- **SUPPLIED INFORMATION**
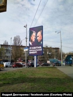 «21 квітня. Вирішальний вибір» – плакати із таким написом, а також зображеннями кандидата в президенти України Петра Порошенка навпроти президента Росії Володимира Путіна почали з'являтися на українських вулицях менш ніж за два тижні до другого туру виборів і спричинили справжній скандал.
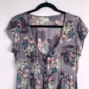 O'Neill Purple Mauve Floral Print Beachy Button Front Tie Back Maxi Dress Sz S
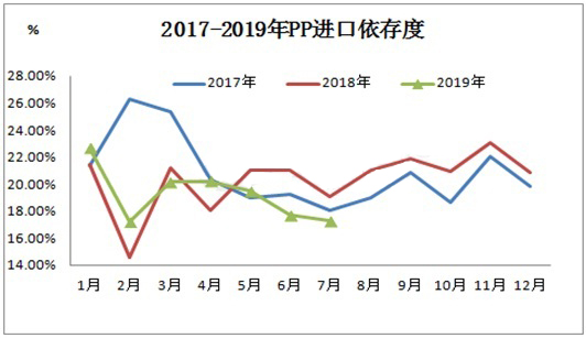 ????????由2017-2019年P(guān)P進(jìn)口依存度發(fā)現(xiàn),2019年4月份進(jìn)口依存度開(kāi)始逐步下挫,7月進(jìn)口依存度同比下降1.82%,環(huán)比下降0.42%。由此數(shù)據(jù)可發(fā)現(xiàn)進(jìn)口PP產(chǎn)品在國(guó)內(nèi)依存度呈現(xiàn)逐步下降趨勢(shì)。其實(shí)這與國(guó)內(nèi)PP產(chǎn)能激增密不可分,進(jìn)口PP產(chǎn)品由于整體價(jià)高,在國(guó)內(nèi)市場(chǎng)競(jìng)爭(zhēng)優(yōu)勢(shì)逐步減弱,除部分高端專用產(chǎn)品在下游仍占據(jù)優(yōu)勢(shì)外,按照目前國(guó)內(nèi)PP擴(kuò)能計(jì)劃逐步實(shí)現(xiàn),進(jìn)口PP在國(guó)內(nèi)依存度有進(jìn)一步下降趨勢(shì)。
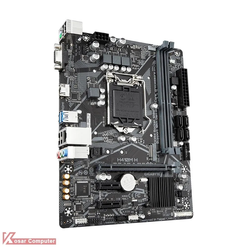 مادربرد گیگابایت H410M-H از سوکت LGA-1200 شرکت اینتل پشتیبانی می کند.بر روی این مادربرد 2 عدد اسلات رم DDR4 موجود است و حداکثر 64 گیگابایت حافظه تا باس 2933 مگاهرتز را پشتیبانی می کند.همچنین در پنل پشتی خروجی HDMI , D-SUB موجود است
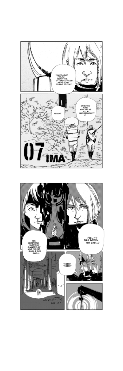 "RIDLF: IMA" (short for "Real-time Immersive Digital Life Framework: Incomplete Meta-Adventure") is a science fiction comic in the fantasy genre that tells about the journey of two companions: a Knight named Anais and a Magician without a name. The story unfolds on an abandoned server inside a metaverse filled with elements of a fantasy world. Knight Anais and the Magician without a Name embark on a dangerous journey through this abandoned server, exploring various areas and meeting various creatures and mysterious places. Each area they enter is a unique fantasy kingdom with its own rules and features. During their journey, the Knight and the Magician face dangers, solve puzzles and fight enemies to uncover the secrets of this metaverse server. Together they discover that this server contains a lot of unused and lost stories, and their task is to find a way to trace each thread of the story to the end.
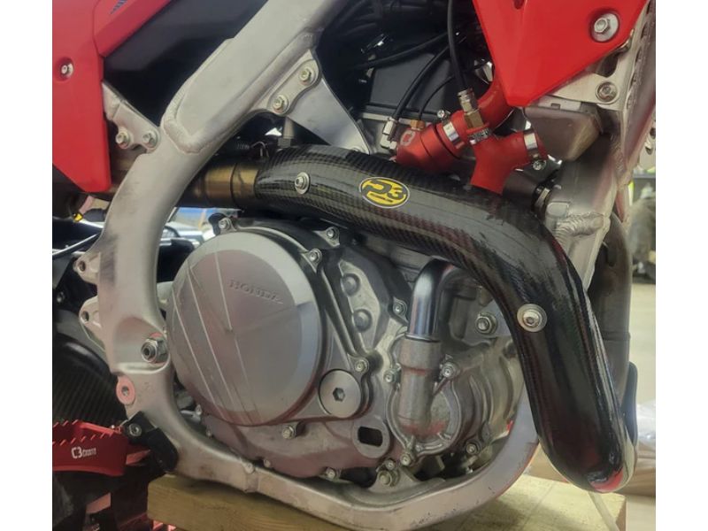 P3 Carbon Fiber Composite 4-Stroke Head Pipe Guard/Heat Shields are a must for any 4-Stroke rider. This product serves three purposes. 1) The Heat Shield keeps your expensive riding pants and boots protected from super heated exhaust pipes. 2) The Pipe Guard protects your sensitive head pipe from unwanted dents and dings. 3) P3's polished carbon product and colorful logo gives your off-road machine a full factory racing look!
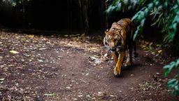 A majestic tiger walking towards the camera on a dirt path in what appears to be a wildlife reserve or zoo enclosure. The tiger's fur and features showcase its natural beauty, capturing attention with its powerful presence.
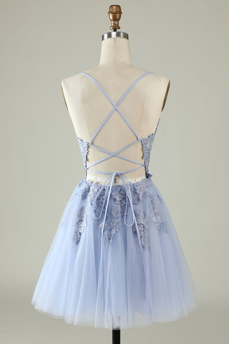 V-Neck Blush Beaded Short Prom Dress with Appliques
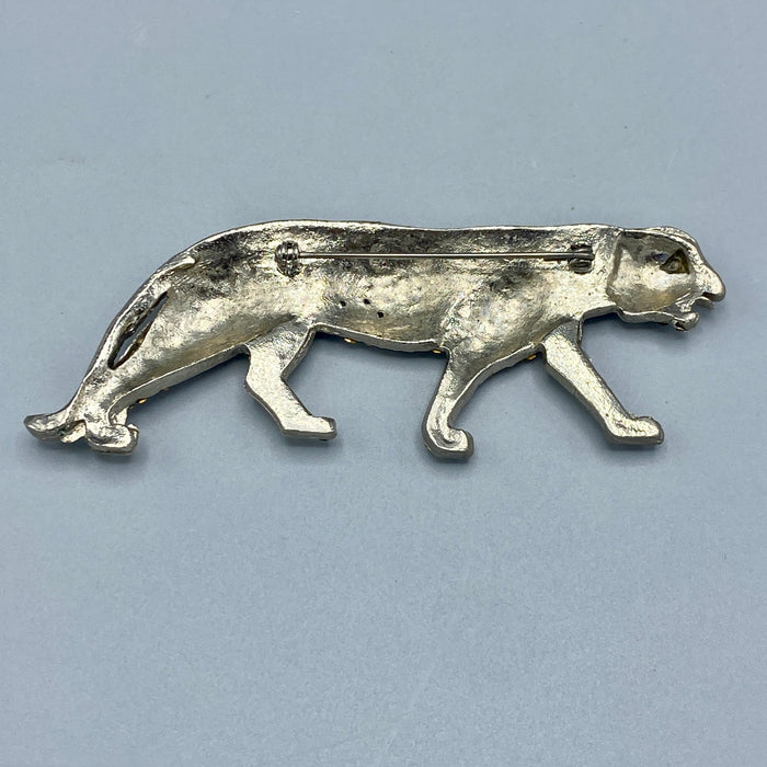 Spilla pantera in metallo argentato e strass Italia 1980 ca

- **WHAT THE TASK REQUIRES**
Leaving every picture aside, transcribe exactly the lines from the one that contains "to the end." through the final line of the listing above, inclusive.

- **WRITTEN SOLUTION**
 "RIDLF: IMA" (short for "Real-time Immersive Digital Life Framework: Incomplete Meta-Adventure") is a science fiction comic in the fantasy genre that tells about the journey of two companions: a Knight named Anais and a Magician without a name. The story unfolds on an abandoned server inside a metaverse filled with elements of a fantasy world. Knight Anais and the Magician without a Name embark on a dangerous journey through this abandoned server, exploring various areas and meeting various creatures and mysterious places. Each area they enter is a unique fantasy kingdom with its own rules and features. During their journey, the Knight and the Magician face dangers, solve puzzles and fight enemies to uncover the secrets of this metaverse server. Together they discover that this server contains a lot of unused and lost stories, and their task is to find a way to trace each thread of the story to the end.
 P3 Carbon Fiber Composite 4-Stroke Head Pipe Guard/Heat Shields are a must for any 4-Stroke rider. This product serves three purposes. 1) The Heat Shield keeps your expensive riding pants and boots protected from super heated exhaust pipes. 2) The Pipe Guard protects your sensitive head pipe from unwanted dents and dings. 3) P3's polished carbon product and colorful logo gives your off-road machine a full factory racing look!
 A majestic tiger walking towards the camera on a dirt path in what appears to be a wildlife reserve or zoo enclosure. The tiger's fur and features showcase its natural beauty, capturing attention with its powerful presence.
 V-Neck Blush Beaded Short Prom Dress with Appliques
 Spilla pantera in metallo argentato e strass Italia 1980 ca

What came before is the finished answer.